Growing up in Mexico, Vancouver chef Hector Laguna spent time in Veracruz and Hidalgo, going back and forth between oceanside and farmland.

He could pick wild mangoes, oranges and bananas to snack on, and at his familyB次元官网网址檚 ranch, his father grew everything from corn to coffee beans, and raised chicken and pigs. His parents taught him how to make cheese from the milk of their own cows and how to cook traditional barbacoa lamb in a fire pit covered in agave leaves. He didnB次元官网网址檛 know it at the time, but those early years living off the land laid the foundation for an extraordinary career in culinary arts.

The executive chef of Botanist at Fairmont Pacific Rim, Hector launched the restaurant when it opened six years ago. Under his leadership, Botanist has been named one of CanadaB次元官网网址檚 50 Best Restaurants, listed on the WorldB次元官网网址檚 50 Best Discovery list, and ranked a CAA/AAA Four Diamond restaurant. Most recently, the dining spot earned the coveted distinction of being included as a B次元官网网址渞ecommendedB次元官网网址 restaurant by Michelin in its inaugural Vancouver guide.

HectorB次元官网网址檚 passion for his work in a professional kitchen goes back to his roots.

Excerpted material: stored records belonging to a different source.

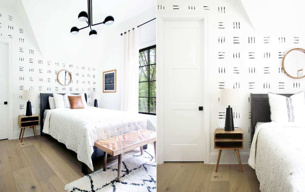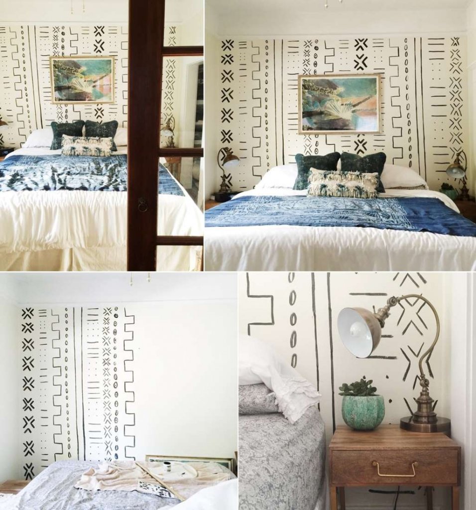Để giảm bớt sự nhàm chán cho những bức tường trắng, bạn có thể tạo bản in Aztec bằng sơn đen bằng cọ mỏng, tạo những họa tiết thú vị phía đầu giường.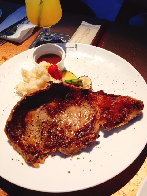 主菜: 黑安格斯肉眼牛扒 (七成熟), 份量有8安士, 肉質算Juicy, 配以香滑薯蓉, 食晒都幾飽肚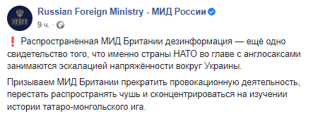 В МИД РФ со своей обычной «дипломатичностью» заявили, что публикация МИД Великобритании – «ещё одно свидетельство того, что именно страны НАТО во главе с англосаксами занимаются эскалацией напряжённости вокруг Украины». А также призвали «перестать распространять чушь и сконцентрироваться на изучении истории татаро-монгольского ига». Зачем мордво-бурятам популяризировать историю татар и монголов на уровне министерства – непонятно.
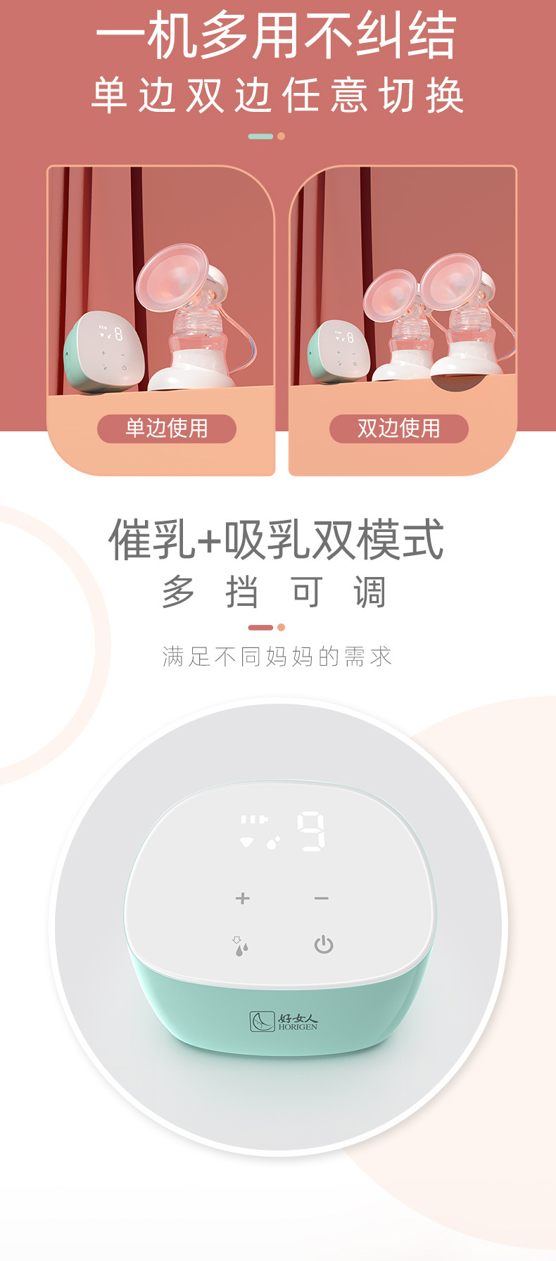 好女人双边电动吸奶器全自动吸按摩可免手扶吸奶器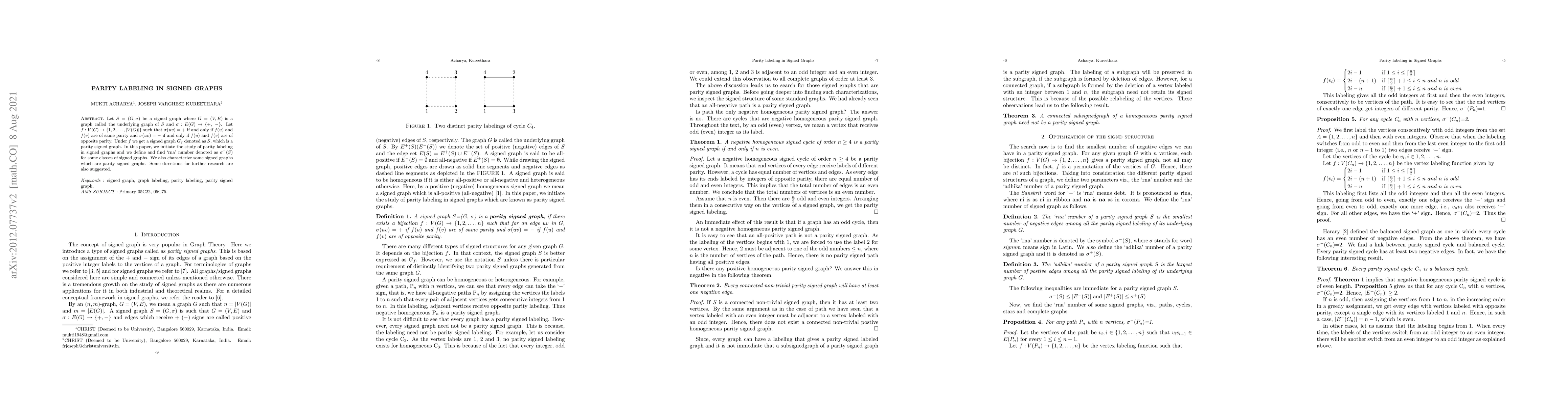 This paper introduces the concept of parity labeling in signed graphs, defining a function that assigns labels to vertices such that edges are positive if the vertices have the same parity and negative if they have opposite parity. It explores the `rna' number $\sigma^-(S)$ for specific classes of signed graphs and characterizes certain signed graphs as parity signed graphs.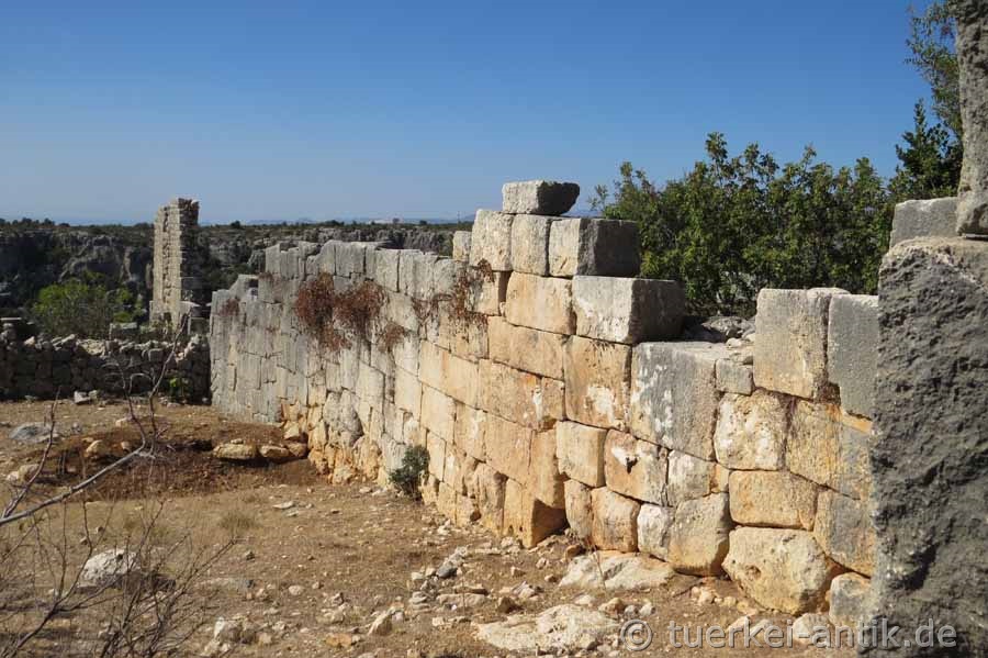 Eine von West nach Ost verlaufende, vermutlich späthellenistische Mauer teilt den Ort in zwei Abschnitte.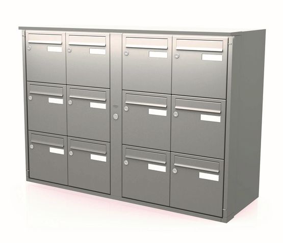 - Ensemble intérieur/extérieur de 4 à 30 boites aux lettres à fixation murale, sur muret, encastrée, sur pieds, simple face ou double face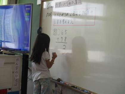 一の位にも十の位にも繰り上がりのある筆算の計算の仕方を考えました。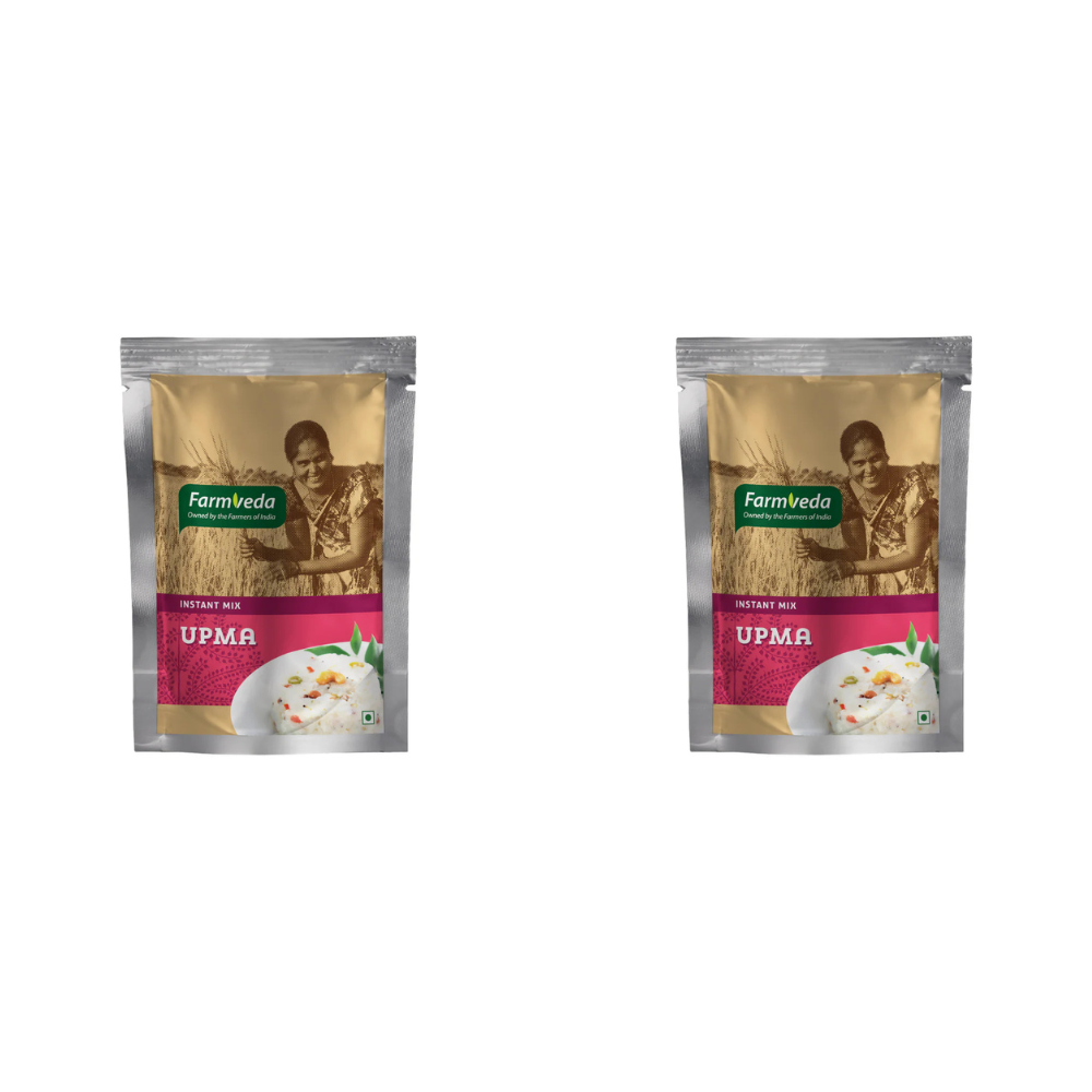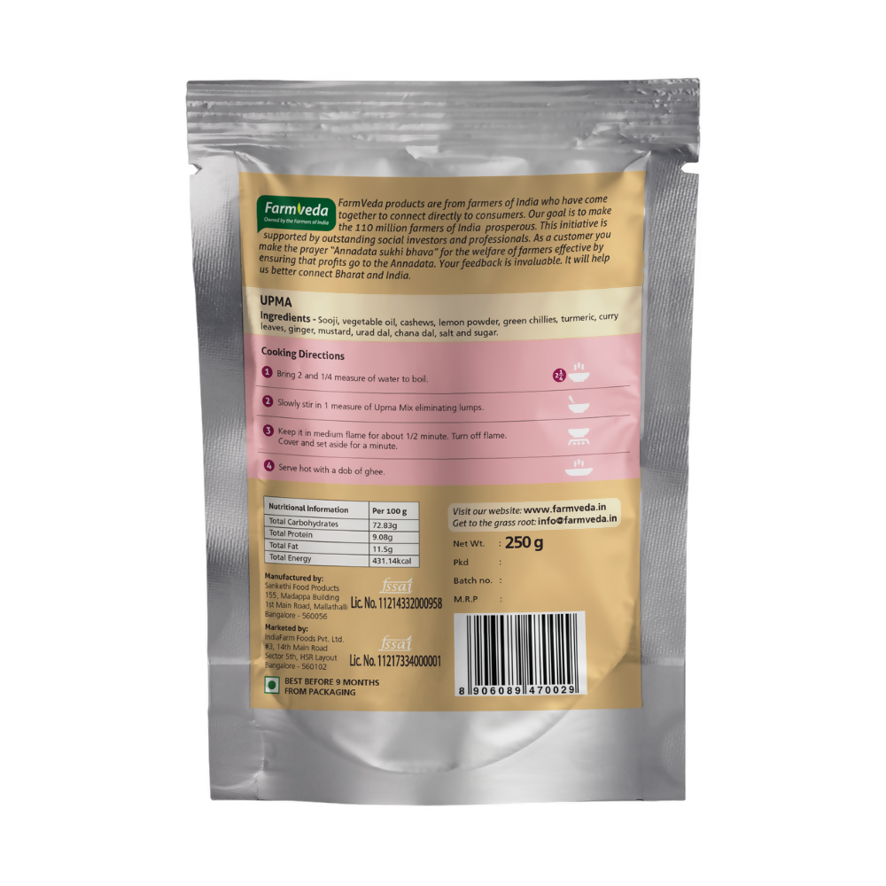 • Farmveda Upma Mix brings to you this most popular south Indian breakfast item with all its true authentic goodness. Tasty and flavorsome upma ready in just minutes. Serve this with Farmveda Chutney Podi or Farmveda Groundnut Chutney Podi. The farmers who own Farmveda ensure that the best quality food reaches your table.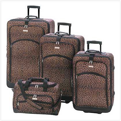 Leopard Print Luggage Ensemble **|**|** Leopard Print Luggage Ensemble WFM-13349 - Whether its a trip around the world or a quick weekend get-away, this luggage set gets you there with style to spare! Fashionable wheeled luggage quartet shows its wild side in a luscious matching leopard print. Plenty of zippered pockets hold every essential for the savvy traveler. Set includes Large, Medium and Small wheeled bags; matching duffle bag. Polyester. Spot clean only. May Require Additional Freight Charge Large: 18 x 11" x 30" high; medium: 16" x 9" x 26" high; small: 14" x 8" x 22" high; duffle bag: 17" x 7" x 11" high. Set of 4"

B次元官网网址淣inety per cent of the food we ate back home we grew or raised ourselves,B次元官网网址 Hector says. B次元官网网址淲e made everything. I would help my mom make spices for the mole. We were seven kids, and all of us pitched in to grind the corn to make tortillas before we went to school. We had chores on the farm and in the kitchen, and it was the same idea after school.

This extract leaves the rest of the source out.